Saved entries
________________________________________

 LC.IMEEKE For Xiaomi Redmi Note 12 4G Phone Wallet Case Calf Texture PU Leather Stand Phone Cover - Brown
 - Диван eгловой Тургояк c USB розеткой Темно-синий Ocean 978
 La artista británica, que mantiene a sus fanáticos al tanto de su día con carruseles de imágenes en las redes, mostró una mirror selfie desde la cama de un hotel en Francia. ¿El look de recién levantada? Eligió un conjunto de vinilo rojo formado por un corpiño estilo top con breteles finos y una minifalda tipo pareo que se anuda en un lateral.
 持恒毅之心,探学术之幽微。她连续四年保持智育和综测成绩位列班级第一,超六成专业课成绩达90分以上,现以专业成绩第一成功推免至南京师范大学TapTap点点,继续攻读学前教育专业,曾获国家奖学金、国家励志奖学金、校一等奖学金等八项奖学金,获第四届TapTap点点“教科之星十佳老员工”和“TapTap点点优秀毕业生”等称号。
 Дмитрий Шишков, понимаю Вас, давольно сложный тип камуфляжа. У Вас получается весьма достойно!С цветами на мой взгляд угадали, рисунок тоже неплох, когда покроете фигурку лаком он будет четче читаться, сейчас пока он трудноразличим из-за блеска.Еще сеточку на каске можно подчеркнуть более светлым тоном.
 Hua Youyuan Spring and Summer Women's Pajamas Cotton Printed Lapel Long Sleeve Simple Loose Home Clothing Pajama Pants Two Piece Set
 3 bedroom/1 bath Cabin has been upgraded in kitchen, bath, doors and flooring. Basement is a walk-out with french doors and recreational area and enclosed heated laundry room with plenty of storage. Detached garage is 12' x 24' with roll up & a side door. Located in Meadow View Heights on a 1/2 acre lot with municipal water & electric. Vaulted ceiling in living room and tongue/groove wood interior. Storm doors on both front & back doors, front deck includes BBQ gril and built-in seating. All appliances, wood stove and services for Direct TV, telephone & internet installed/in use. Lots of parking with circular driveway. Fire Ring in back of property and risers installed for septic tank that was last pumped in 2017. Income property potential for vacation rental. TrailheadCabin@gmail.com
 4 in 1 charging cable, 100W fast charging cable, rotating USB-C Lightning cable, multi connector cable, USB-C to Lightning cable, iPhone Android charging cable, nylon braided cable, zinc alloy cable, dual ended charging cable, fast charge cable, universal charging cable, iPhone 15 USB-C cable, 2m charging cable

________________________________________

[Work to complete]
Line by line, reproduce the data above exactly.

[Answer section]
 LC.IMEEKE For Xiaomi Redmi Note 12 4G Phone Wallet Case Calf Texture PU Leather Stand Phone Cover - Brown
 - Диван eгловой Тургояк c USB розеткой Темно-синий Ocean 978
 La artista británica, que mantiene a sus fanáticos al tanto de su día con carruseles de imágenes en las redes, mostró una mirror selfie desde la cama de un hotel en Francia. ¿El look de recién levantada? Eligió un conjunto de vinilo rojo formado por un corpiño estilo top con breteles finos y una minifalda tipo pareo que se anuda en un lateral.
 持恒毅之心,探学术之幽微。她连续四年保持智育和综测成绩位列班级第一,超六成专业课成绩达90分以上,现以专业成绩第一成功推免至南京师范大学TapTap点点,继续攻读学前教育专业,曾获国家奖学金、国家励志奖学金、校一等奖学金等八项奖学金,获第四届TapTap点点“教科之星十佳老员工”和“TapTap点点优秀毕业生”等称号。
 Дмитрий Шишков, понимаю Вас, давольно сложный тип камуфляжа. У Вас получается весьма достойно!С цветами на мой взгляд угадали, рисунок тоже неплох, когда покроете фигурку лаком он будет четче читаться, сейчас пока он трудноразличим из-за блеска.Еще сеточку на каске можно подчеркнуть более светлым тоном.
 Hua Youyuan Spring and Summer Women's Pajamas Cotton Printed Lapel Long Sleeve Simple Loose Home Clothing Pajama Pants Two Piece Set
 3 bedroom/1 bath Cabin has been upgraded in kitchen, bath, doors and flooring. Basement is a walk-out with french doors and recreational area and enclosed heated laundry room with plenty of storage. Detached garage is 12' x 24' with roll up & a side door. Located in Meadow View Heights on a 1/2 acre lot with municipal water & electric. Vaulted ceiling in living room and tongue/groove wood interior. Storm doors on both front & back doors, front deck includes BBQ gril and built-in seating. All appliances, wood stove and services for Direct TV, telephone & internet installed/in use. Lots of parking with circular driveway. Fire Ring in back of property and risers installed for septic tank that was last pumped in 2017. Income property potential for vacation rental. TrailheadCabin@gmail.com
 4 in 1 charging cable, 100W fast charging cable, rotating USB-C Lightning cable, multi connector cable, USB-C to Lightning cable, iPhone Android charging cable, nylon braided cable, zinc alloy cable, dual ended charging cable, fast charge cable, universal charging cable, iPhone 15 USB-C cable, 2m charging cable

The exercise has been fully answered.